Default trap: Linux TCP keepalive defaults: tcp_keepalive_time=7200 (2 hours before first probe), tcp_keepalive_intvl=75 (75s between probes), tcp_keepalive_probes=9. A dead connection takes 2+ hours to detect. For cloud load balancers with idle timeouts (AWS ALB = 60s), your connections get silently dropped long before keepalive fires.

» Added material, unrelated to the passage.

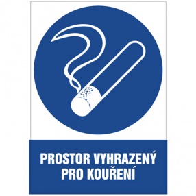 Tabulka - PROSTOR VYHRAZENÝ PRO KOUŘENÍ Druh materiálu: samolepka, velikost: A4 30x21 cmSkladem 336 Kč30 Kč bez DPH
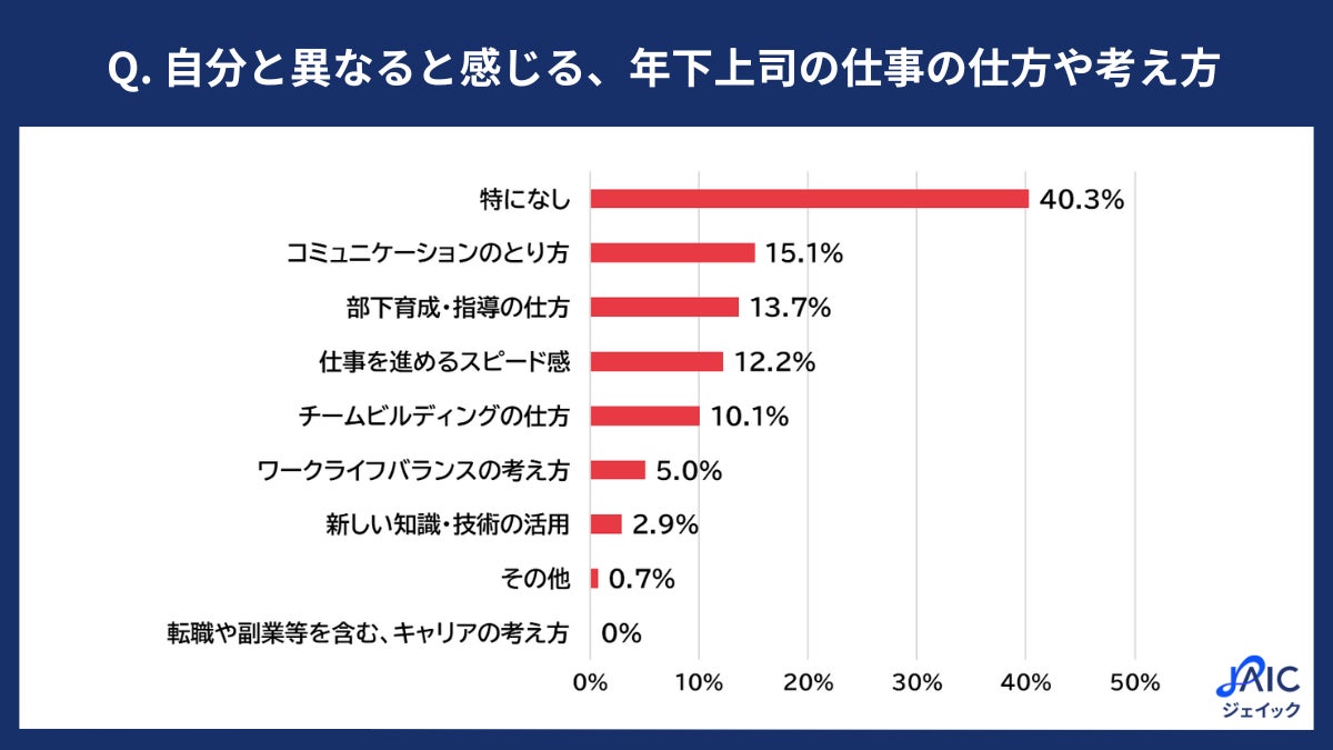 「直属の上司は年下」と回答した方に、「自分と異なると感じる、年下上司の仕事の仕方や考え方として、もっともあてはまるものをひとつ教えてください」と質問したところ、「特になし」と答えた方が40.3%と最も多い結果となり、続いて、「コミュニケーションのとり方」が15.1%、「部下育成・指導の仕方」が13.7%、「仕事を進めるスピード感」が12.2%、「チームビルディングの仕方」が10.1%、「ワークライフバランスの考え方」が5.0%、「新しい知識・技術の活用」が2.9%、「その他」が0.7%、「転職や副業等を含む、キャリアの考え方」が0%となり、約6割の方が、年下上司と仕事の仕方や考え方について、自分との何らかの違いを感じていることがわかりました。

Under the hood: TCP keepalive vs application-level keepalive: TCP keepalive (SO_KEEPALIVE) is an OS-level mechanism that sends empty ACK packets. But cloud load balancers (AWS ALB idle timeout = 60s, Azure LB = 4 min, GCP = 10 min) drop idle connections independently of TCP keepalive. Your app must send real data or HTTP/2 PING frames more frequently than the LB idle timeout, or connections die silently.

tcpdump Recipes

# See all traffic on an interface
tcpdump -i eth0 -nn

# DNS queries
tcpdump -i eth0 -nn port 53

# HTTP traffic to a specific host
tcpdump -i eth0 -nn host 10.20.30.40 and port 80

# SYN packets only (new connections)
tcpdump -i eth0 -nn 'tcp[tcpflags] & tcp-syn != 0'

# ICMP errors (reveals firewalls, PMTUD issues, unreachable hosts)
tcpdump -i eth0 -nn icmp

# ARP traffic
tcpdump -i eth0 -nn arp

# Write to file for Wireshark analysis
tcpdump -i eth0 -w /tmp/capture.pcap -c 1000

# Read back from file
tcpdump -r /tmp/capture.pcap -nn

One-liner: Quick packet capture that shows only TCP handshake and reset packets (new connections and failures): tcpdump -i eth0 -nn 'tcp[tcpflags] & (tcp-syn|tcp-rst) != 0' — this filters out the data noise and shows you exactly which connections are being established or rejected.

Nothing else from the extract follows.